16. A method as claimed in claim 15, wherein a negative pulse which falls from a reference voltage level to a level greater in magnitude than a minimum negative sustaining voltage level, corresponding to a minimum sustaining voltage necessary to sustain discharge at a display cell, is applied to said relevant sustaining electrode, and simultaneously said positive pulse is applied to the relevant write electrode, such that a voltage difference between the relevant sustaining electrode and the relevant write electrode becomes greater than a discharge start voltage of the write cell concerned.

17. A method as claimed in claim 16, wherein for sustaining a discharge at a display cell, such a negative pulse is applied to one sustaining electrode of the sustaining electrode pair concerned, and a negative pulse of lesser magnitude is applied to the other sustaining electrode.

18. A method as claimed in any one of claims 15 to 17, wherein a discharge is generated in the display cell associated with the write cell, following generation of the write cell discharge, by applying a discharge sustaining voltage pulse to the other sustaining electrode of the pair containing the relevant sustaining electrode at a timing matching the fall time of the positive pulse.

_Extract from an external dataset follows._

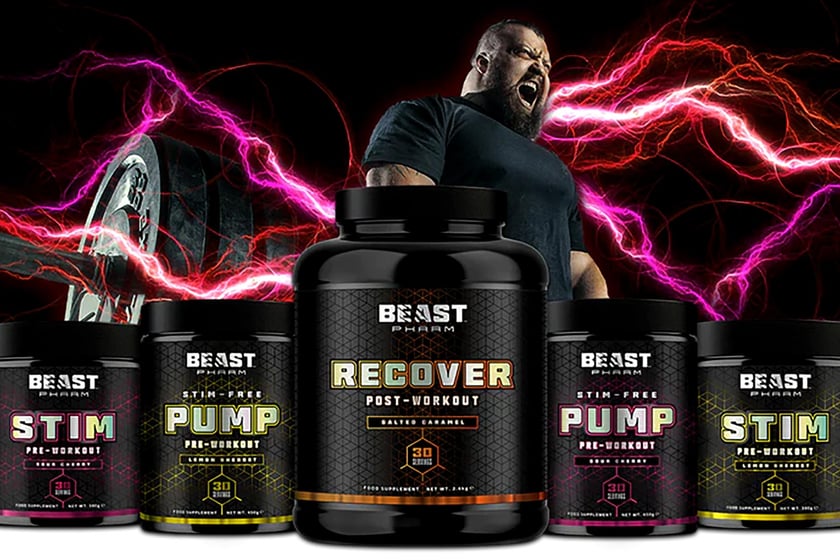 Right on queue as promised, Eddie Hall’s fresh new family of sports nutrition products under the name Beast Pharm, has gone live in the UK through the online store at beastpharm.com. The selection of supplements covers a couple of the industry’s most popular categories, with the stackable pre-workouts Stim and Pump, the hydration-supporting Hydro, and the protein-based post-workout solution Recover.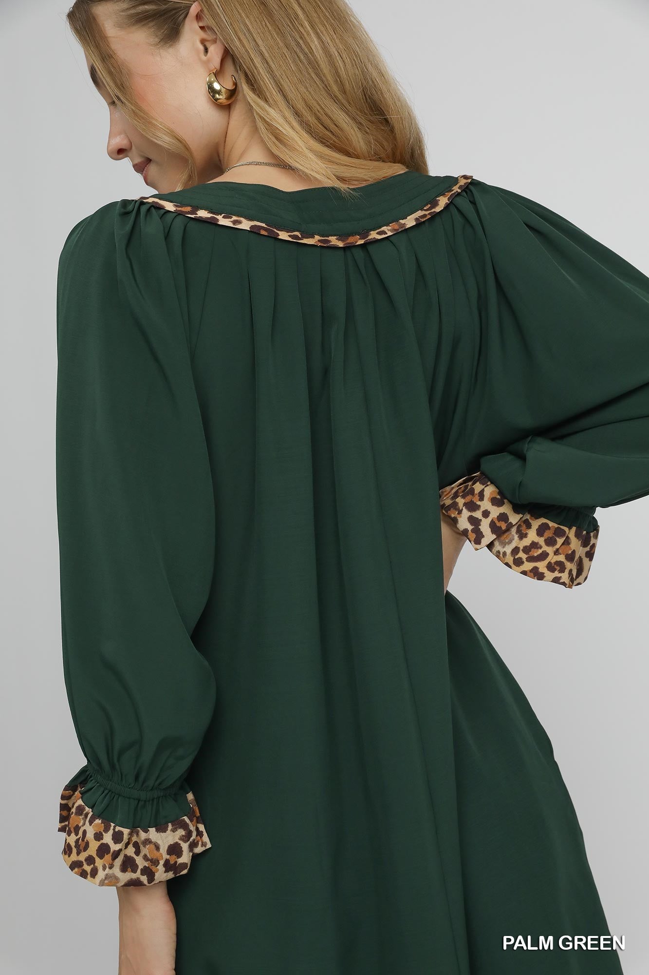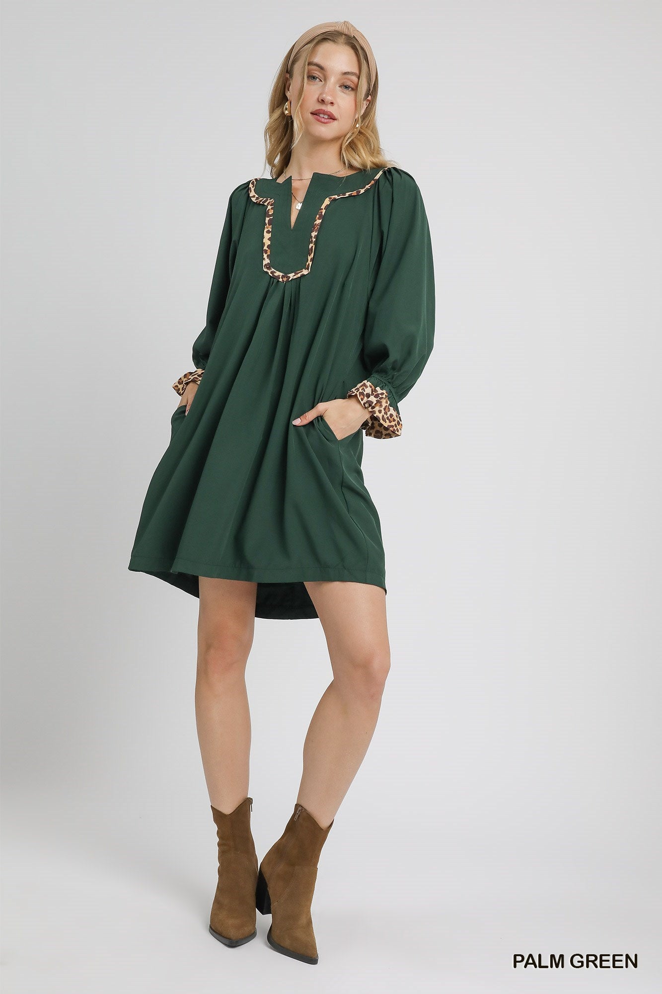 Umgee Tunic Dress with Leopard Trim Accents - green

19. A method as claimed in any one of claims 14 to 18, for operating a gas discharge panel as claimed in claim 7 or any one of claims 9 to 13 when read as appended to claim 7, wherein discharges are generated at all the write cells formed where the relevant write electrode crosses the sustaining electrodes which are connected together in a group, one of which sustaining electrodes is the relevant sustaining electrode, and a discharge is generated, utilizing space charges and wall charges based on the said discharges of the write cells, in only one of the associated display cells formed by the sustaining electrode pairs of the group, by applying the appropriate voltage only to the other sustaining electrode of the pair within the group containing the relevant sustaining electrode.

20. A method as claimed in any one of claims 14 to 19 wherein for generating discharges at write cells formed along respective different write electrodes, write electrodes are selected in a sequence such that the presently-selected write electrode is further from the display cells associated with the write cells of the last-selected write electrode than from the display cells associated with the write cells of the next-to-be selected write electrodes.